Requirement:
Output the full listing exactly as written, with no pictures in it.

▼

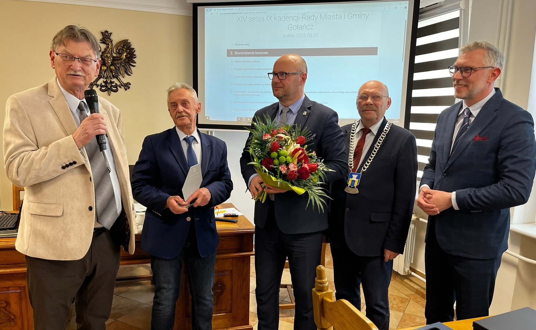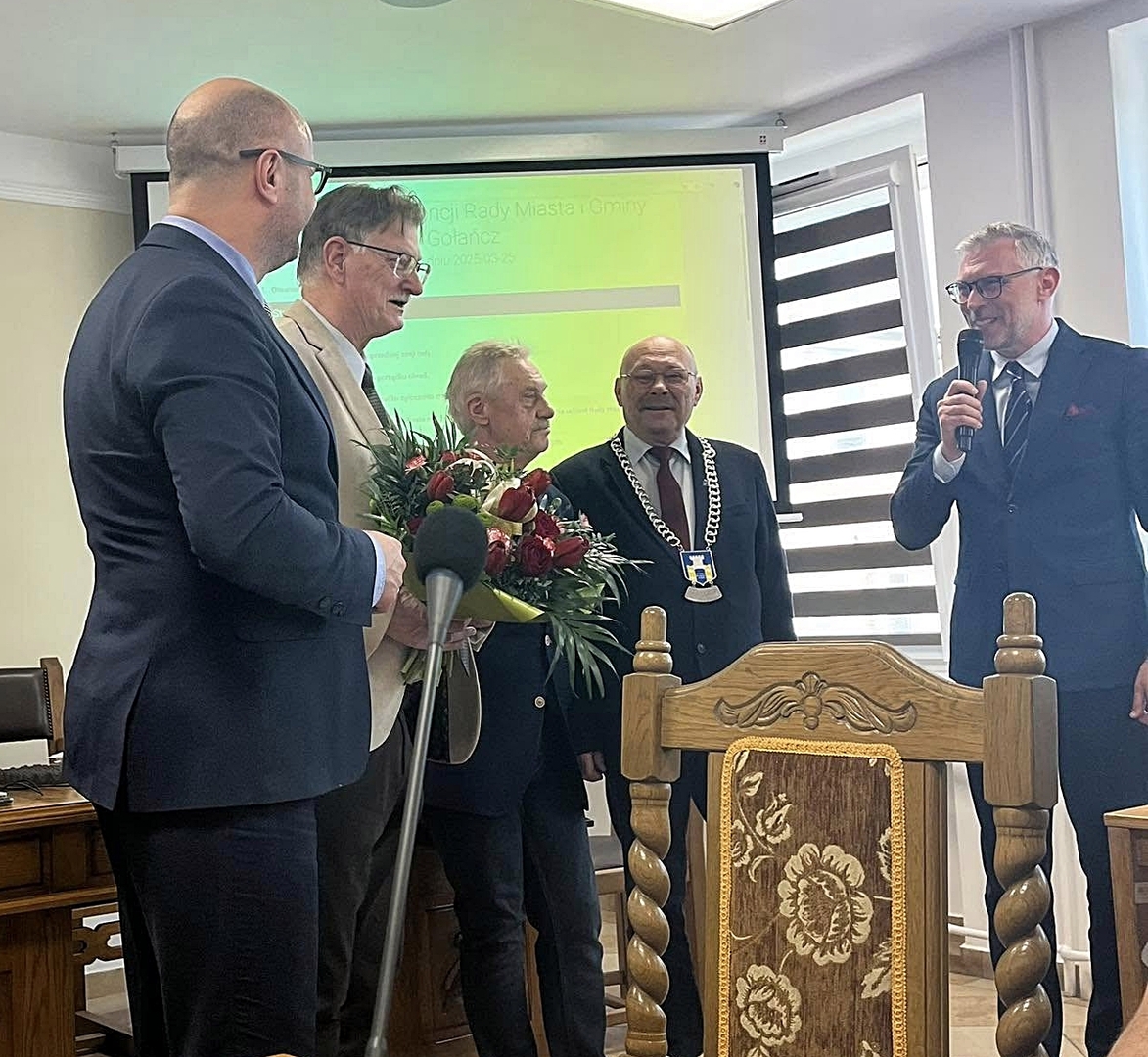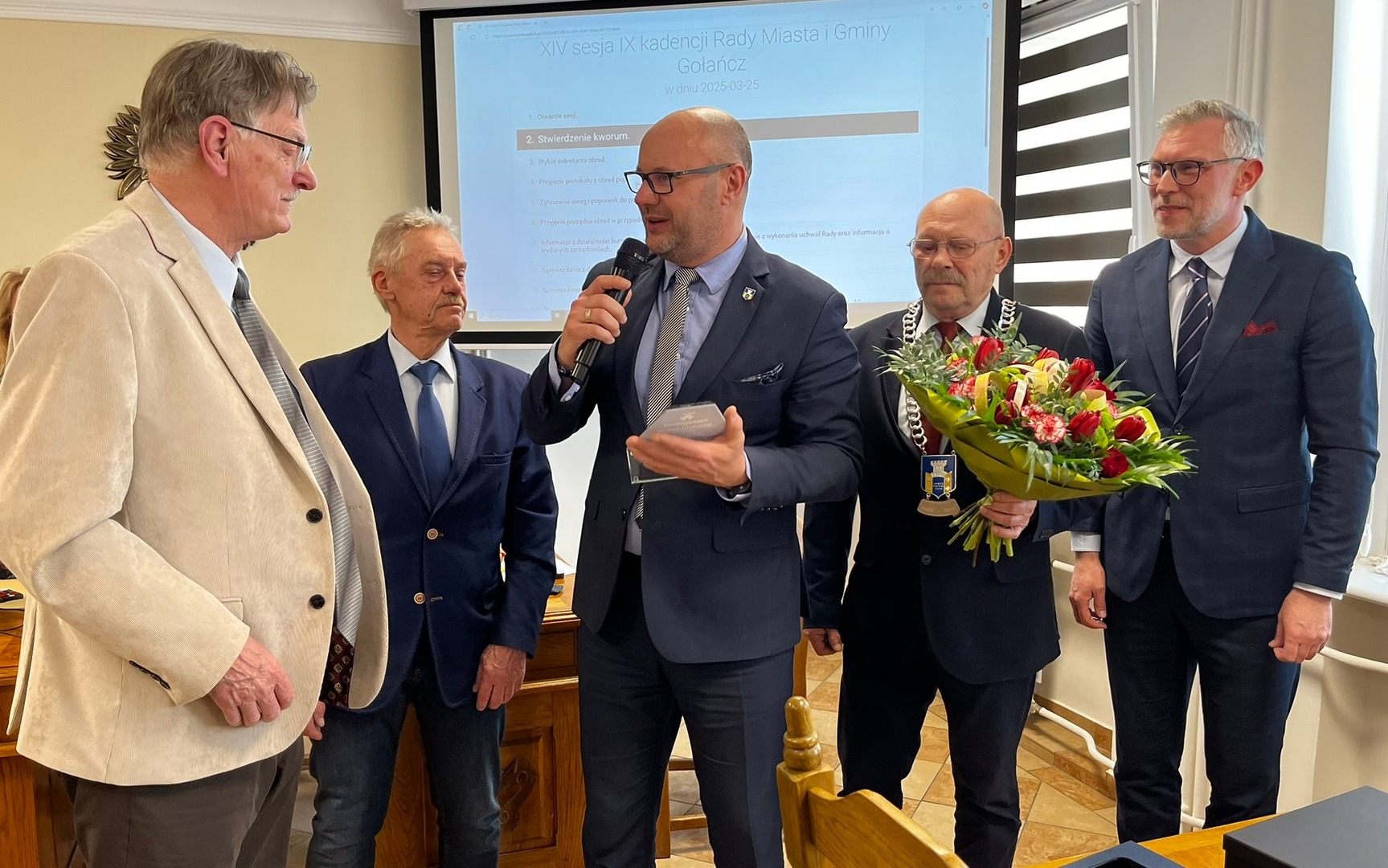 Sesję rozpoczął przewodniczący Rady MiG Karol Brzeziński. Następnie wspólnie z Robertem Torzem - Burmistrzem Miasta i Gminy Gołańcz oraz Sławomirem Maciaszkiem - Zastępcą Burmistrza Miasta i Gminy Gołańcz – wręczył pamiątkową statuetkę oraz kwiaty Panu Wojciechowi Osuchowi, prezesowi klubu sportowego ZAMEK GOŁAŃCZ. Uhonorowano go z okazji 40-lecia działalności sportowej, podkreślając jego nieocenione zaangażowanie i wkład w rozwój miejscowego klubu oraz promocję sportu w naszej gminie. Gratulacje i podziękowania dla Pana Prezesa!
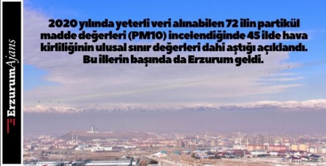 Rapora göre 2020 yılında PM2,5 ortalaması en yüksek il arasında Erzurum 3’üncü sırada yer aldı. Raporda şöyle denildi. “2020 yılında tüm illerde ölçüm yapılamamış olması, tüm illerdeki hava kalitesinin bütüncül olarak değerlendirilmesini engelleyen büyük bir eksikliktir. Yeterli veri olmayan 42 ilde, Türkiye’deki illerin yarısından fazlasında, kanserojen bir kirletici olduğu bilinen ve bu nedenle sağlık etkileri açısından gösterge olan ince partikül madde değerleri bilinmemektedir. Yeterli PM2.5 ölçüm verisi (yılda ? gün ve üzeri) 39 il arasında, özellikle Düzce’de yıllık ortalamanın, DSÖ’nün yıllık kılavuz değerlerinin 4 katından daha fazla olduğu görülmektedir. Düzce’yi Çorum, Erzurum, Amasya, Konya, Sakarya, Iğdır, Bursa, Isparta ve Burdur takip etmektedir. 2020 yılında, Türkiye’deki 81 ilin yarısından fazlasında, PM2.5 seviyesi hakkında yeterli veri bulunmamaktadır.”
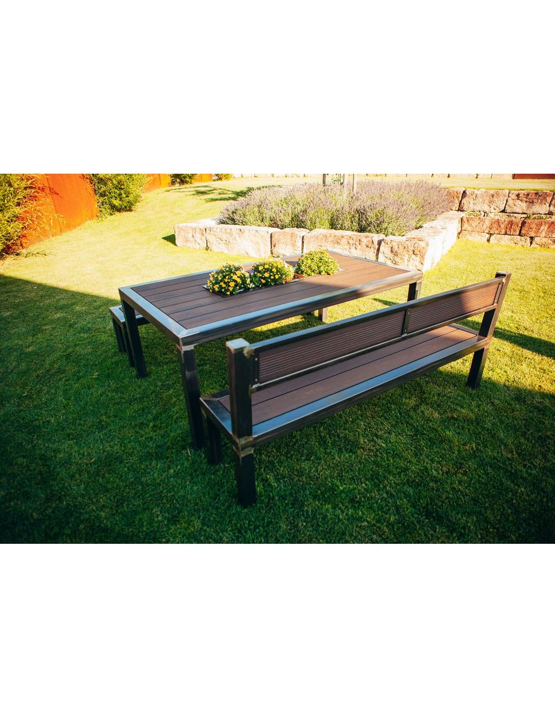 Metall Gartenbank mit Bambusholz - ohne Lehne - Länge 200 cm
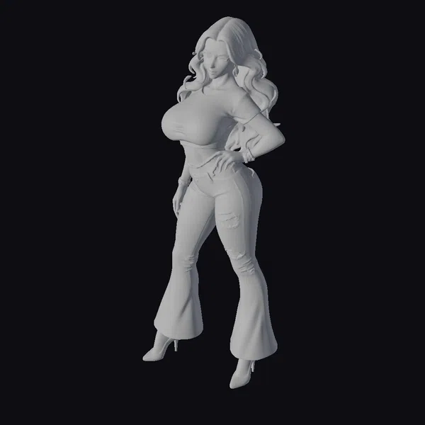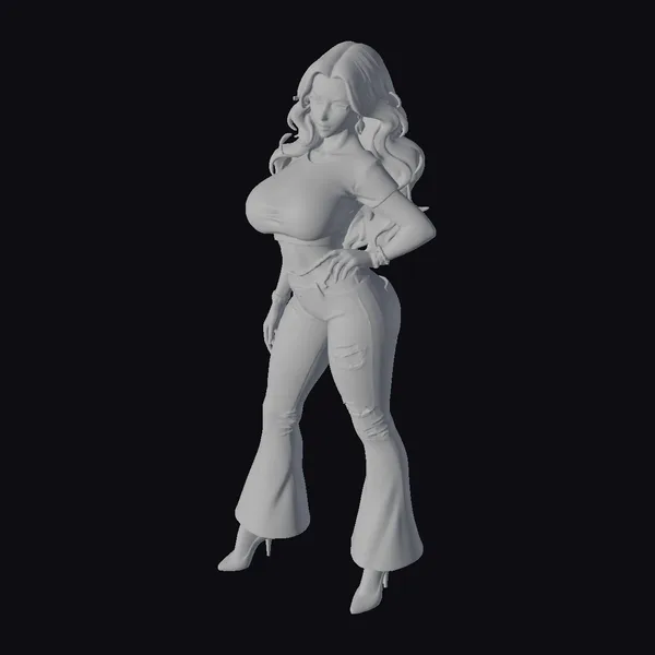 Detailed with precision, this cartoon curvy woman model showcases a vibrant and lively character. She stands with a confident posture, one hand resting on her hip, highlighting her curvy figure clad in ripped blue jeans and a white cropped top. Her long, wavy brown hair flows down her back, complementing her bright blue eyes and bold makeup. Black high heels add a touch of elegance to her overall casual yet stylish outfit. The model’s detailed textures, from the ripped knees of her jeans to the shine of her heels and the flow of her hair, make her a versatile asset. Ideal for use in animations, games, VR/AR experiences, and various design projects where a confident, fashionable female character is needed.
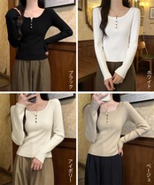 シンプルニットソー 普段着細身トップス リブニットおしゃれ
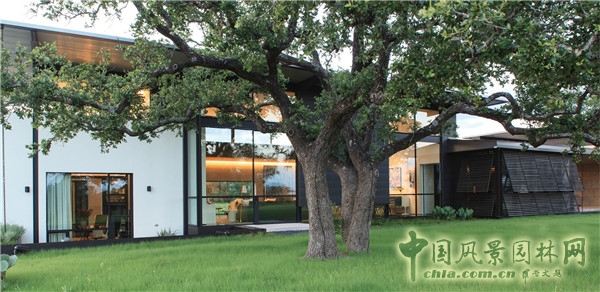 西南方向的住宅主建筑,其設(shè)計(jì)充分呼應(yīng)了壯觀的天然槲樹景觀。
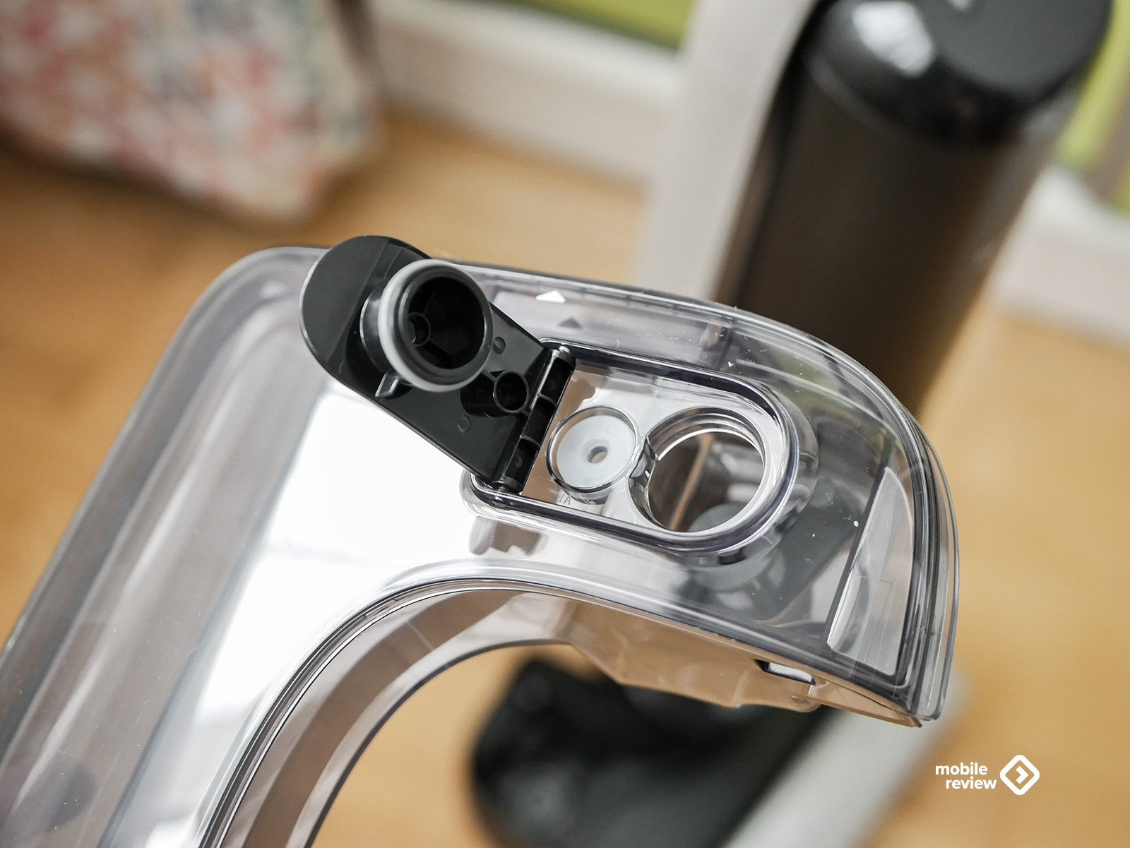 Начну с контейнера для грязной воды. Он расположен снизу, под основным блоком, и сделан из прозрачного глянцевого пластика. Объем — 0,8 литра. Этого достаточно, чтобы убрать квартиру без «ой, все, надо сливать». Но главное – даже не объем, а конструкция. Контейнер разбирается на две части: верхняя вкладывается в нижнюю колбу. Внутри есть прорезиненные элементы, откидные крышечки — все продумано так, чтобы вы могли залезть в каждый угол и реально отмыть, а не просто сполоснуть под краном для галочки. Это уровень заботы, который обычно оставляют на потом, а здесь сделали сразу.

▲

Exercise result:
 Sesję rozpoczął przewodniczący Rady MiG Karol Brzeziński. Następnie wspólnie z Robertem Torzem - Burmistrzem Miasta i Gminy Gołańcz oraz Sławomirem Maciaszkiem - Zastępcą Burmistrza Miasta i Gminy Gołańcz – wręczył pamiątkową statuetkę oraz kwiaty Panu Wojciechowi Osuchowi, prezesowi klubu sportowego ZAMEK GOŁAŃCZ. Uhonorowano go z okazji 40-lecia działalności sportowej, podkreślając jego nieocenione zaangażowanie i wkład w rozwój miejscowego klubu oraz promocję sportu w naszej gminie. Gratulacje i podziękowania dla Pana Prezesa!
 Rapora göre 2020 yılında PM2,5 ortalaması en yüksek il arasında Erzurum 3’üncü sırada yer aldı. Raporda şöyle denildi. “2020 yılında tüm illerde ölçüm yapılamamış olması, tüm illerdeki hava kalitesinin bütüncül olarak değerlendirilmesini engelleyen büyük bir eksikliktir. Yeterli veri olmayan 42 ilde, Türkiye’deki illerin yarısından fazlasında, kanserojen bir kirletici olduğu bilinen ve bu nedenle sağlık etkileri açısından gösterge olan ince partikül madde değerleri bilinmemektedir. Yeterli PM2.5 ölçüm verisi (yılda ? gün ve üzeri) 39 il arasında, özellikle Düzce’de yıllık ortalamanın, DSÖ’nün yıllık kılavuz değerlerinin 4 katından daha fazla olduğu görülmektedir. Düzce’yi Çorum, Erzurum, Amasya, Konya, Sakarya, Iğdır, Bursa, Isparta ve Burdur takip etmektedir. 2020 yılında, Türkiye’deki 81 ilin yarısından fazlasında, PM2.5 seviyesi hakkında yeterli veri bulunmamaktadır.”
 Metall Gartenbank mit Bambusholz - ohne Lehne - Länge 200 cm
 Detailed with precision, this cartoon curvy woman model showcases a vibrant and lively character. She stands with a confident posture, one hand resting on her hip, highlighting her curvy figure clad in ripped blue jeans and a white cropped top. Her long, wavy brown hair flows down her back, complementing her bright blue eyes and bold makeup. Black high heels add a touch of elegance to her overall casual yet stylish outfit. The model’s detailed textures, from the ripped knees of her jeans to the shine of her heels and the flow of her hair, make her a versatile asset. Ideal for use in animations, games, VR/AR experiences, and various design projects where a confident, fashionable female character is needed.
 シンプルニットソー 普段着細身トップス リブニットおしゃれ
 西南方向的住宅主建筑,其設(shè)計(jì)充分呼應(yīng)了壯觀的天然槲樹景觀。
 Начну с контейнера для грязной воды. Он расположен снизу, под основным блоком, и сделан из прозрачного глянцевого пластика. Объем — 0,8 литра. Этого достаточно, чтобы убрать квартиру без «ой, все, надо сливать». Но главное – даже не объем, а конструкция. Контейнер разбирается на две части: верхняя вкладывается в нижнюю колбу. Внутри есть прорезиненные элементы, откидные крышечки — все продумано так, чтобы вы могли залезть в каждый угол и реально отмыть, а не просто сполоснуть под краном для галочки. Это уровень заботы, который обычно оставляют на потом, а здесь сделали сразу.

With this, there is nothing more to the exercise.